Your MRTG target for these gauge MIB objects should look like this:

对于MIB对象中的MRTG目标应该如下书写:

Target[graph1]: dskPercent.1& dskPercent.1:<SNMP-password>@<IP-address>
options[graph1]: growright,gauge

定义全局变量

You have to make sure MRTG knows where the MIBs you're using are located. The default location MRTG uses may not be valid. Specify their locations with the global LoadMIBs parameter. You must also define where the HTML files will be located; the example specifies the default Fedora MRTG HTML directory.

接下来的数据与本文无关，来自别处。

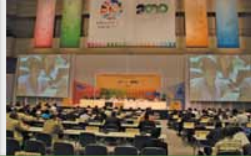
Plenary session at MOP 5
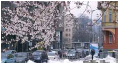
Prunus flowers blossom in a snowy spring in Ljubljana.
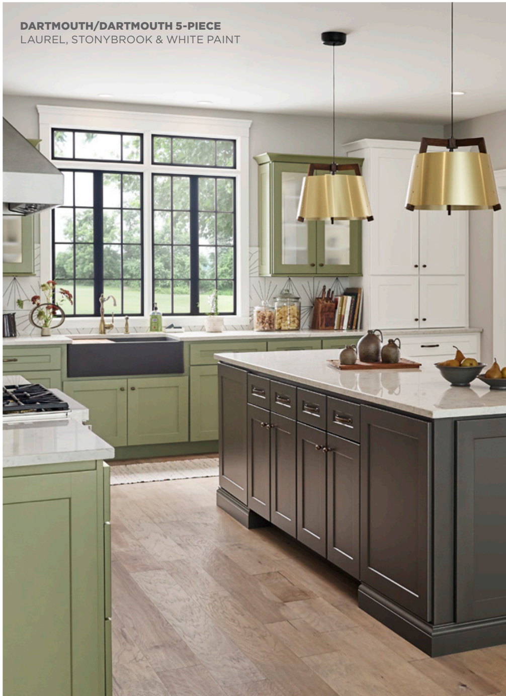
DARTMOUTH/DARTMOUTH 5-PIECE LAUREL, STONYBROOK & WHITE PAINT
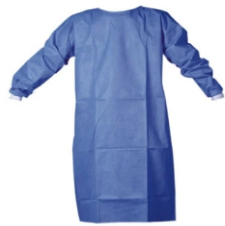
Non sterile isolation gowns 50GSM
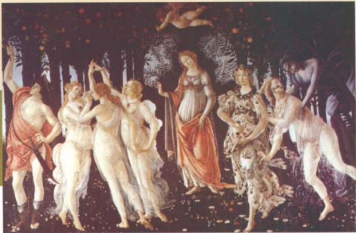
Sandro Botticelli, Primavera , c. 1482
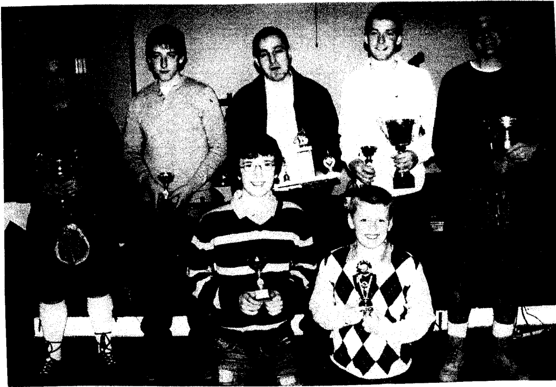
Dunfermline Motorcycle Club Champions
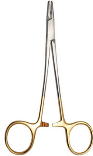
Neivert Needle Holder
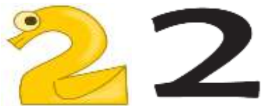
Figure 1 The Shape of the Number '2' Resembling a Duck
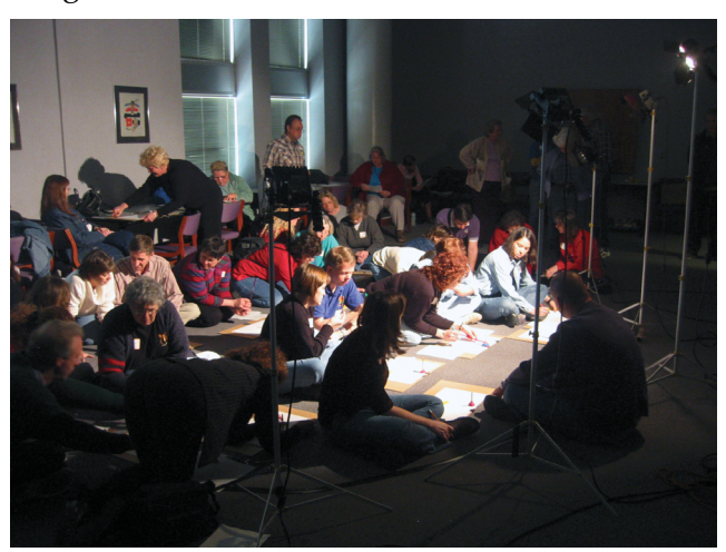
An educator workshop where 170 teachers worked on a sundial activity that correlates with the sundials(marsdials) carried by each rover.

Even at the lower grades, teachers are reporting student progress as a result of interest in the rovers. New classroom activities called "Roverquest" enable students to follow along with mission discoveries as they happen and compare Mars to Earth. Anecdotally, an elementary-school teacher sent in a report from a student who hadn't been interested in schoolwork throughout the year, but had voluntarily gone home and written a 5-page report (with pictures!) that hadn't even been assigned.
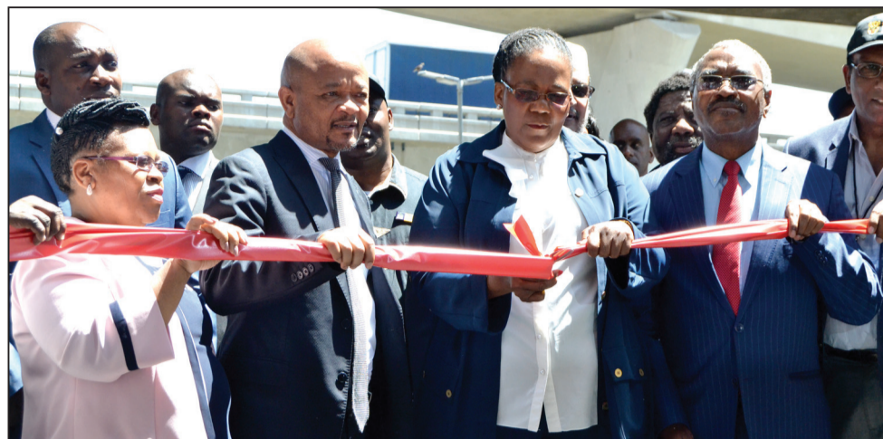
FREE FLOW: Transport Minister, Dipuo Peters (Centre) and KZN Premier Senzo Mchunu, MEC for Transport, Willies Mchunu and Deputy Mayor Nomvuzo Shabalala at the opening of the N2 interchange last week.

The R512m interchange is now allowing free flow of traffic in all directions and relieving the delays experienced in this area. The previous interchange was a conventional diamond interchange where the traffic on the ramps was controlled by traffic signals. Minister Dipuo Peters said
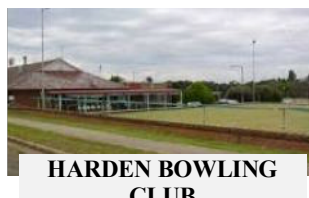
HARDEN BOWLING CLUB
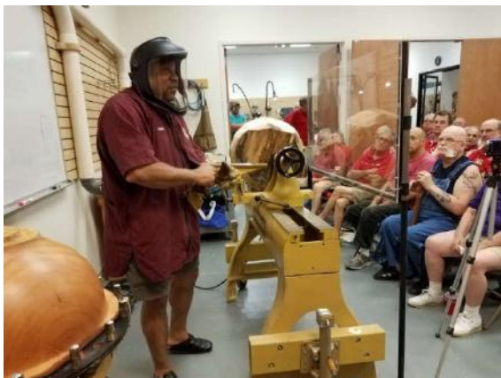
All dressed up for action - the point is "safety"
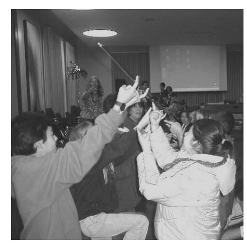
Team building games are fun!

Participants gained knowledge, shared information, played games, took tours, created art and fun, and ate a whole lot of ice cream. This social gives event
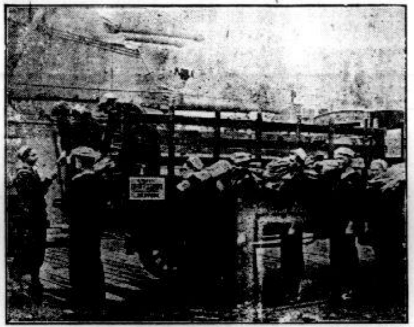
Salvo from the U. S. S. New Jersey Exchanging Junk for Thrift Stamps.

Why keep household accounts? Do you know what your careless, useless expenditures amount to each year? What could be omitted and still provide a comfortable happy life for you, when and what you receive, and when, where and for what you spend.
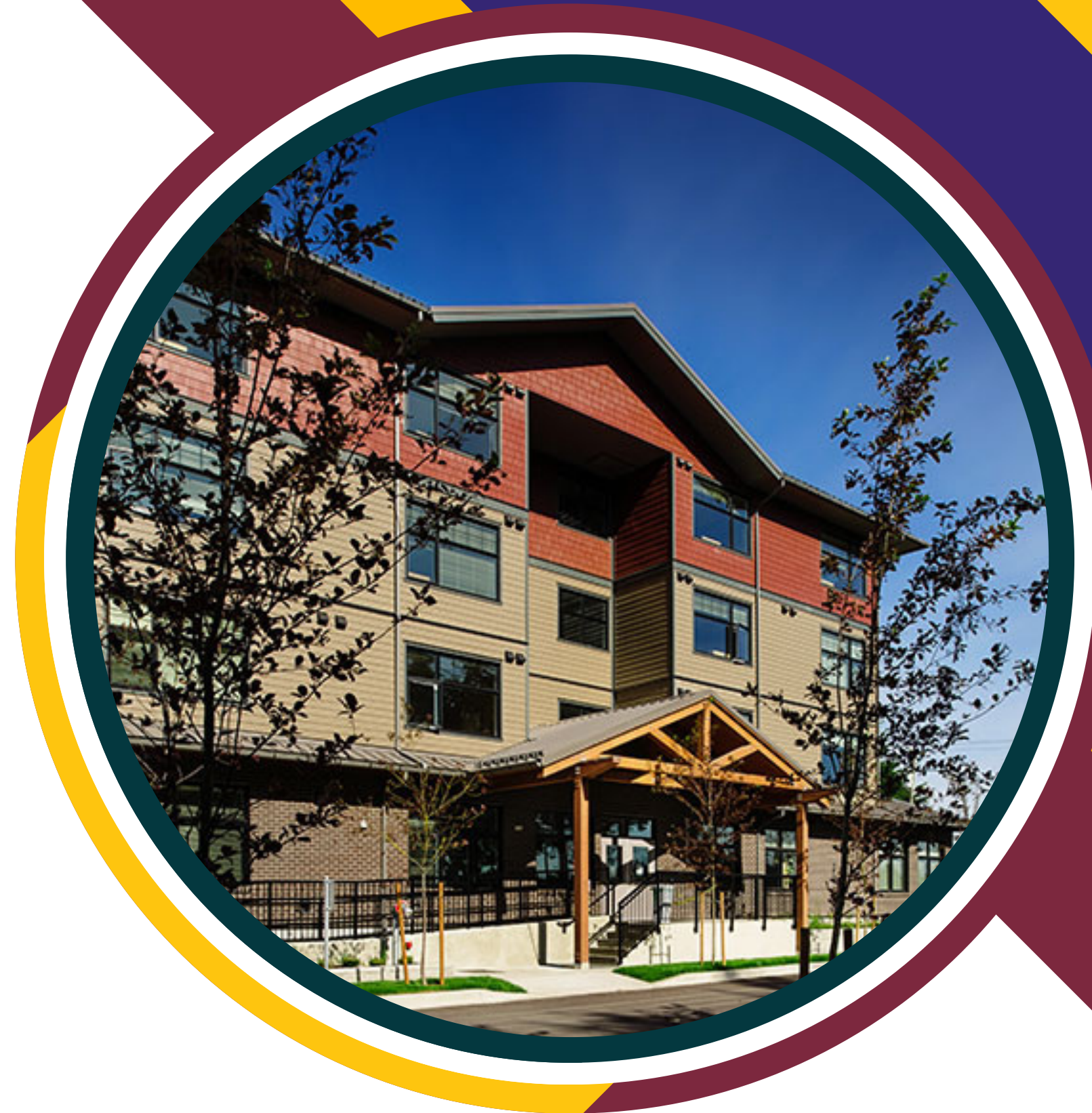
GEORGE SCHMIDT CENTRE
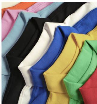
Standard LED 3000K CRI 80
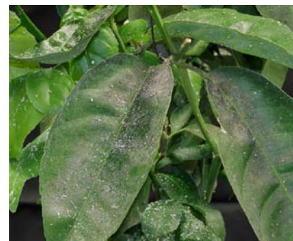
Figure 9. Sooty mold growing on the honeydew excreted by the nymphs.

你应该保证MRTG知晓你正在使用的MIB的位置。MRTG使用的默认设置可能是不正确的。可以利用全局LoadMIB参数来确定它们的位置。同时你需要定义HTML文件的位置。下例指出了Fedora中MRTG HTML的默认目录。

LoadMIBs: /usr/share/snmp/mibs/UCD-SNMP-MIB.txt, /usr/share/snmp/mibs/TCP-MIB.txt
workdir: /var/www/mrtg/

实现高级服务器监听

You now can combine all you have learned to create a configuration file that monitors all these variables, and then you can integrate it into the existing MRTG configuration.

现在你可以结合你所学到的来创建监听这些变量的配置文件,然后把它写入已存在的MRTG配置文件中。

完整的配置实例

Here is a sample configuration file that is used to query server localhost for CPU, memory, disk, and TCP connection information.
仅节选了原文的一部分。